Data for this exercise -
- - - - - - -

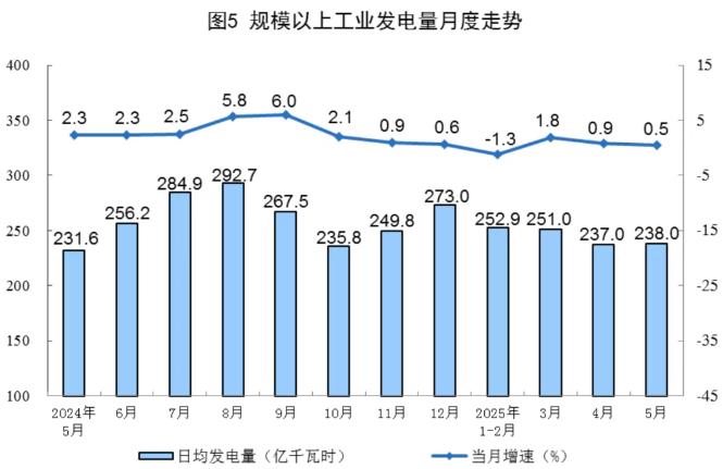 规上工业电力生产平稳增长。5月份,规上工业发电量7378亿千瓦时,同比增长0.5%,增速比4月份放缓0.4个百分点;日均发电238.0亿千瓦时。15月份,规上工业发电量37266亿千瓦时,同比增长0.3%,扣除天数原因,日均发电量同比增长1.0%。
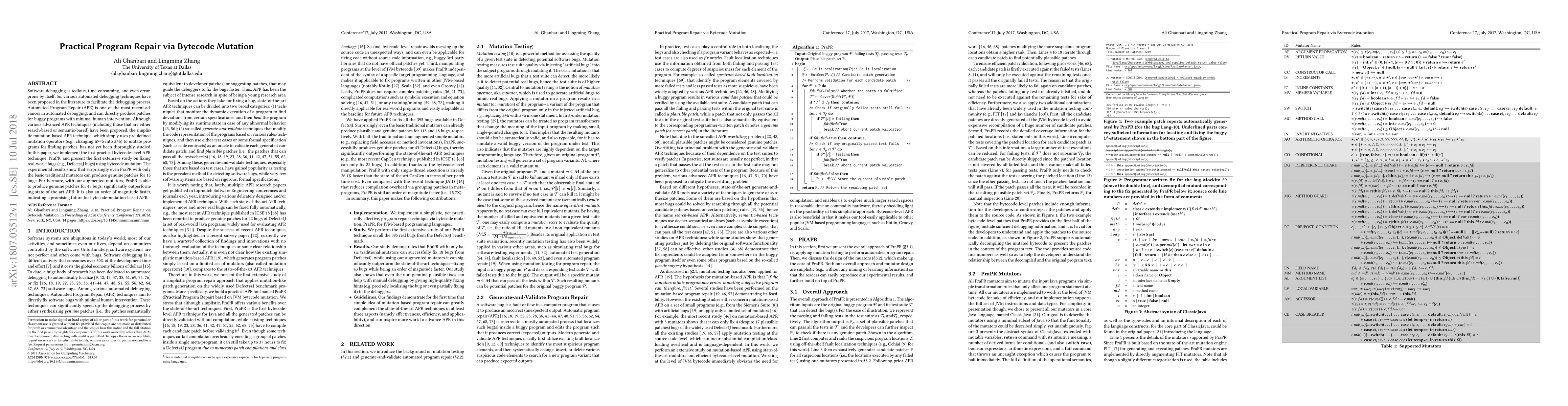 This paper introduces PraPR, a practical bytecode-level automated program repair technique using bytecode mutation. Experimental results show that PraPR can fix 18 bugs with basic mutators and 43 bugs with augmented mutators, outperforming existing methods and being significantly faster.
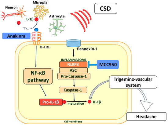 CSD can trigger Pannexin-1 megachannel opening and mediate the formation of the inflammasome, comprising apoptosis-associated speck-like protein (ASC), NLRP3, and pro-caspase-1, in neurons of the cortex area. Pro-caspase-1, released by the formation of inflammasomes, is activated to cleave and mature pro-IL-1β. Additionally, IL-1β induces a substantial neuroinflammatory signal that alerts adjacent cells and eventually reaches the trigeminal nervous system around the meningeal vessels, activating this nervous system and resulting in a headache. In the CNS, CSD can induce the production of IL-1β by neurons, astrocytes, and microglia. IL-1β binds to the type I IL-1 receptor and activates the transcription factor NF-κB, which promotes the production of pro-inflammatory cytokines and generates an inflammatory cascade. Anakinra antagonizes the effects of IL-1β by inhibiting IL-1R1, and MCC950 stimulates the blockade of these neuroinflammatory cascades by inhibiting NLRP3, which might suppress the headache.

- - - - - - -

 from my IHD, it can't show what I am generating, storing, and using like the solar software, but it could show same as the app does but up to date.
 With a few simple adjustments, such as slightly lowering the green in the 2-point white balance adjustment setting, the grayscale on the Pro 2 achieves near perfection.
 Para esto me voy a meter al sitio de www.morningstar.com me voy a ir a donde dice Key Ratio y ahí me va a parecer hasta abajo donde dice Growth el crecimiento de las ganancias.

- - - - - - -

Exercise goal -
Working from the material above, retype exactly the lines from the one with "With a few simple" through the one with "Para esto me", both included, and only those lines.

Problem solution -
 With a few simple adjustments, such as slightly lowering the green in the 2-point white balance adjustment setting, the grayscale on the Pro 2 achieves near perfection.
 Para esto me voy a meter al sitio de www.morningstar.com me voy a ir a donde dice Key Ratio y ahí me va a parecer hasta abajo donde dice Growth el crecimiento de las ganancias.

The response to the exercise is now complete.